Khojastehnezhad Mohammad Amin, Youseflee Pouya, Moradi Ali, Ebrahimzadeh Mohammad H, Jirofti Nafiseh
Orthopedic Research Center, Department of Orthopedic Surgery, Mashhad University of Medical Sciences, Mashhad, Iran.
Bone and Joint Research laboratory, Ghaem Hospital, Mashhad University of Medical Sciences, Mashhad, Iran.
Arch Bone Jt Surg. 2025;13(1):17-22. doi: 10.22038/ABJS.2024.84231.3829.
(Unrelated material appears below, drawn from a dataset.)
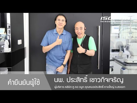 " ผมคุณหมอประสิทธิ์ เชาวกิจเจริญ นะครับ อายุ 55 ปี ผมเป็นคุณหมอเฉพาะทางหู คอ จมูก อยู่ที่หาดใหญ่ จังหวัดสงขลาครับ ชื่อคลินิก หู คอ จมูก คุณหมอประสิทธิ์ หาดใหญ่ครับ เนื่องจากผมต้องใช้สายตาทั้งการตรวจคนไข้ การเขียนหนังสือ การผ่าตัด ทำให้ต้องเปลี่ยนแว่น ถอดเข้า ถอดออกหลายครั้ง ผมไม่ค่อยสะดวกครับ ผมก็เคยใช้แว่นมาหลายแห่งแล้วครับ ผมรู้สึกว่ามันยังไม่ตอบโจทย์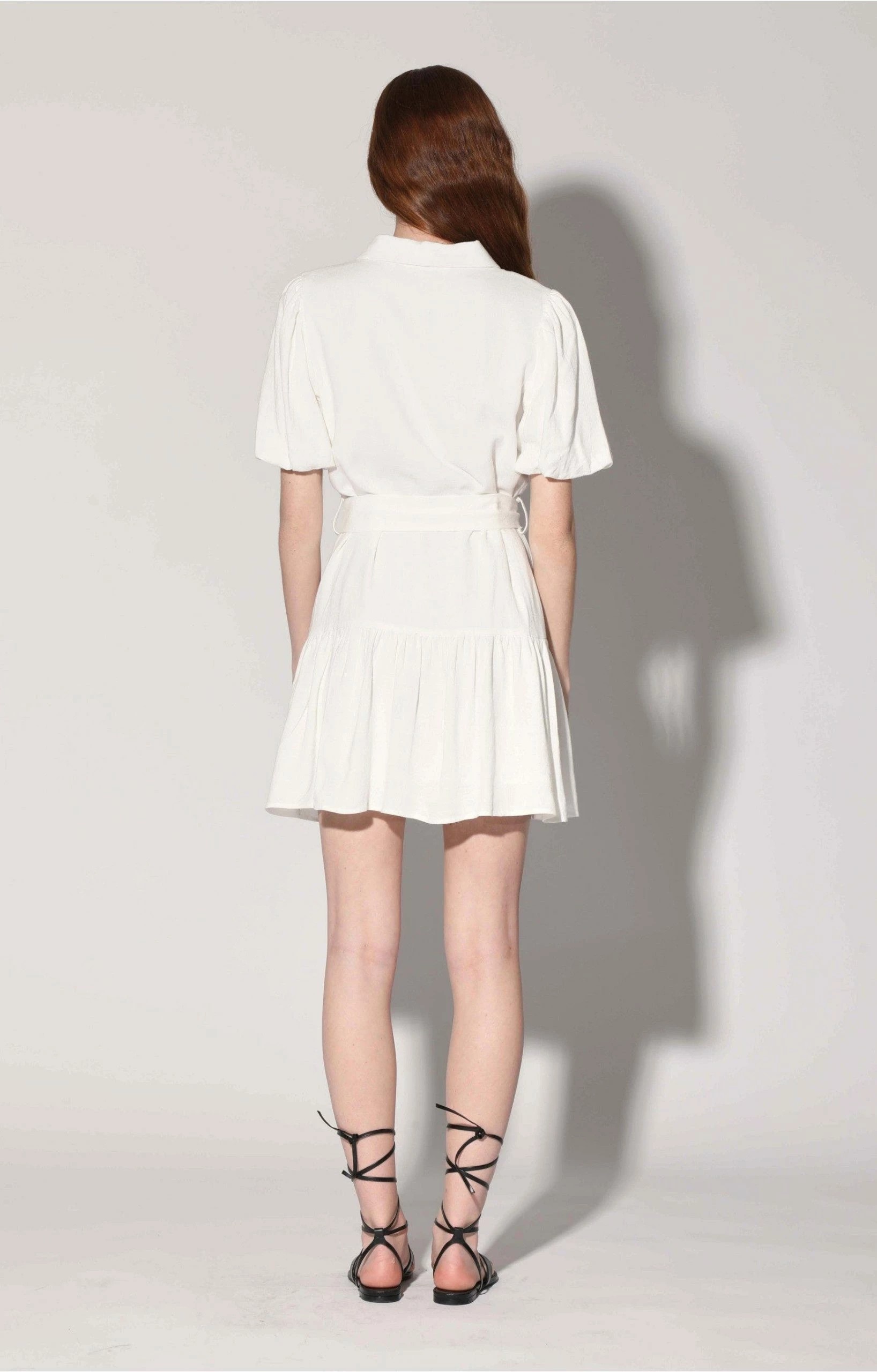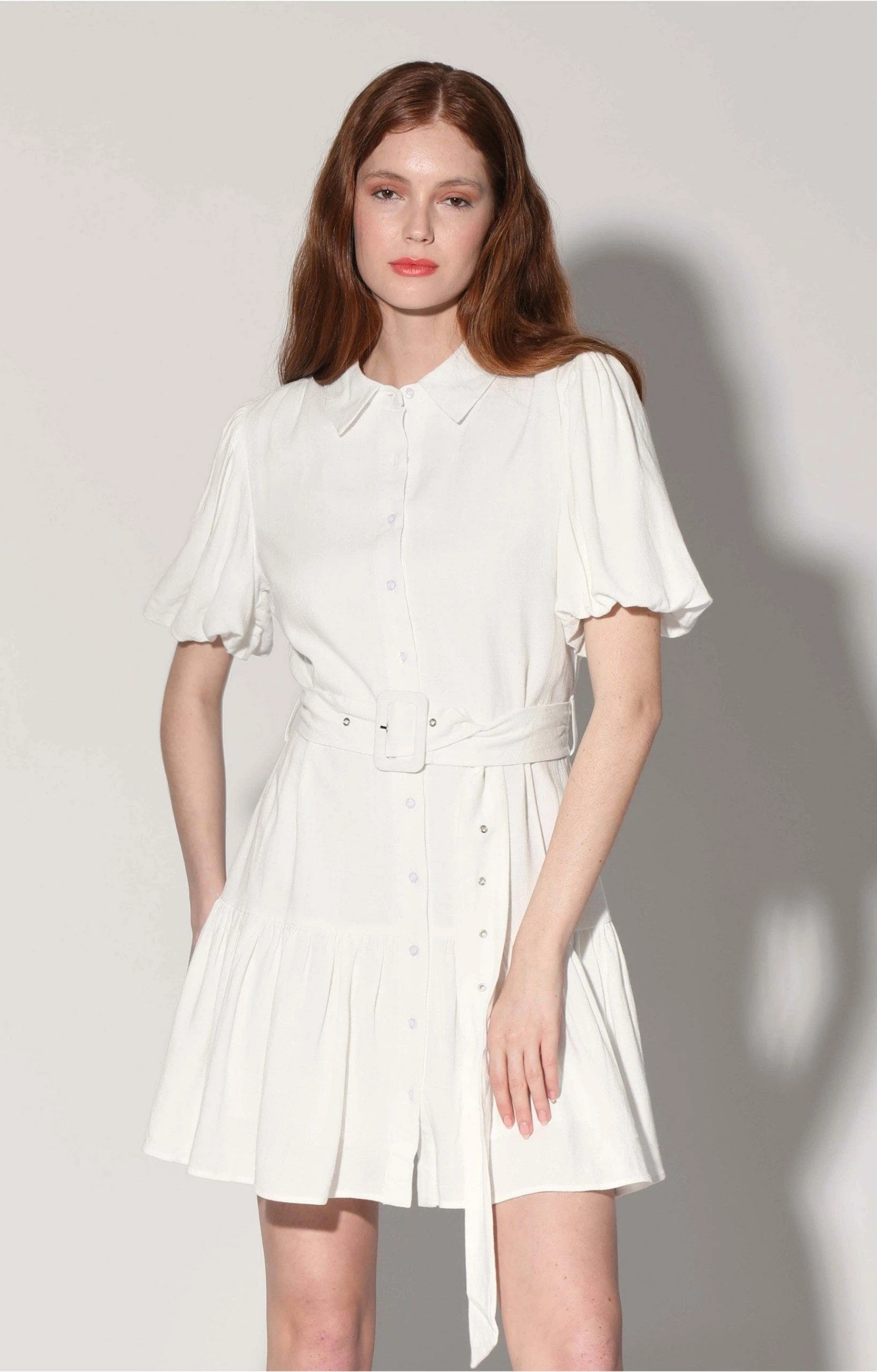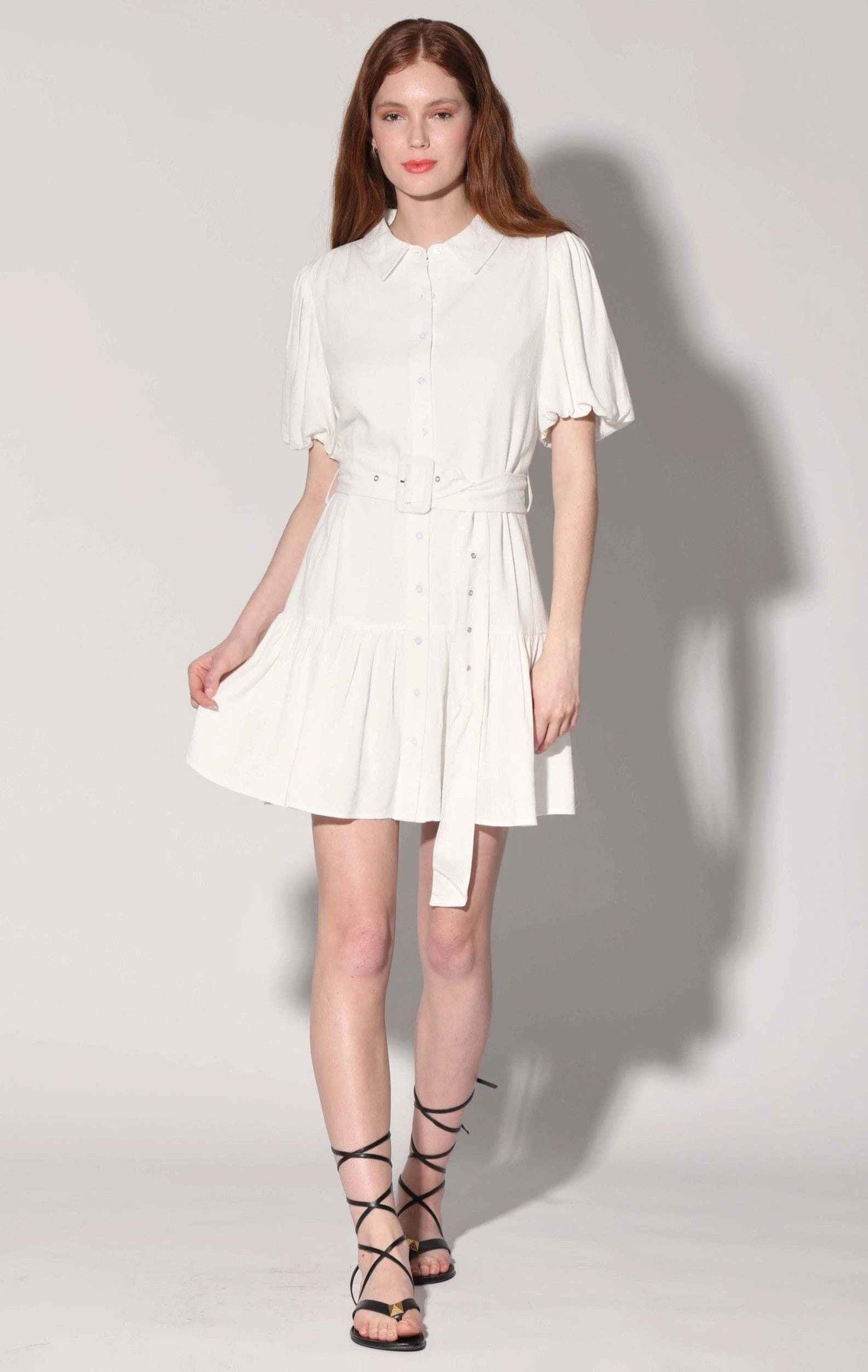 The Tyanna Dress features a drop ruffle and puff short sleeves that make this mini fun and flirty! Highlight your waist by cinching the self belt.

Artificial Intelligence (AI) is rapidly transforming healthcare, particularly in orthopedics, by enhancing diagnostic accuracy, surgical planning, and personalized treatment. This review explores current applications of AI in orthopedics, focusing on its contributions to diagnostics and surgical procedures. Key methodologies such as artificial neural networks (ANNs), convolutional neural networks (CNNs), support vector machines (SVMs), and ensemble learning have significantly improved diagnostic precision and patient care. For instance, CNN-based models excel in tasks like fracture detection and osteoarthritis grading, achieving high sensitivity and specificity. In surgical contexts, AI enhances procedures through robotic assistance and optimized preoperative planning, aiding in prosthetic sizing and minimizing complications. Additionally, predictive analytics during postoperative care enable tailored rehabilitation programs that improve recovery times. Despite these advancements, challenges such as data standardization and algorithm transparency hinder widespread adoption. Addressing these issues is crucial for maximizing AI's potential in orthopedic practice. This review emphasizes the synergistic relationship between AI and clinical expertise, highlighting opportunities to enhance diagnostics and streamline surgical procedures, ultimately driving patient-centric care.
人工智能(AI)正在迅速改变医疗保健行业,尤其是在骨科领域,它通过提高诊断准确性、手术规划和个性化治疗来实现这一目标。本综述探讨了AI在骨科领域的当前应用,重点关注其对诊断和外科手术的贡献。诸如人工神经网络(ANN)、卷积神经网络(CNN)、支持向量机(SVM)和集成学习等关键方法显著提高了诊断精度和患者护理水平。例如,基于CNN的模型在骨折检测和骨关节炎分级等任务中表现出色,具有高灵敏度和特异性。在手术方面,AI通过机器人辅助和优化术前规划来改进手术过程,有助于假肢尺寸确定并将并发症降至最低。此外,术后护理期间的预测分析能够制定量身定制的康复计划,从而缩短恢复时间。尽管取得了这些进展,但数据标准化和算法透明度等挑战阻碍了AI的广泛应用。解决这些问题对于最大限度发挥AI在骨科实践中的潜力至关重要。本综述强调了AI与临床专业知识之间的协同关系,突出了增强诊断和简化手术程序的机会,最终推动以患者为中心的护理。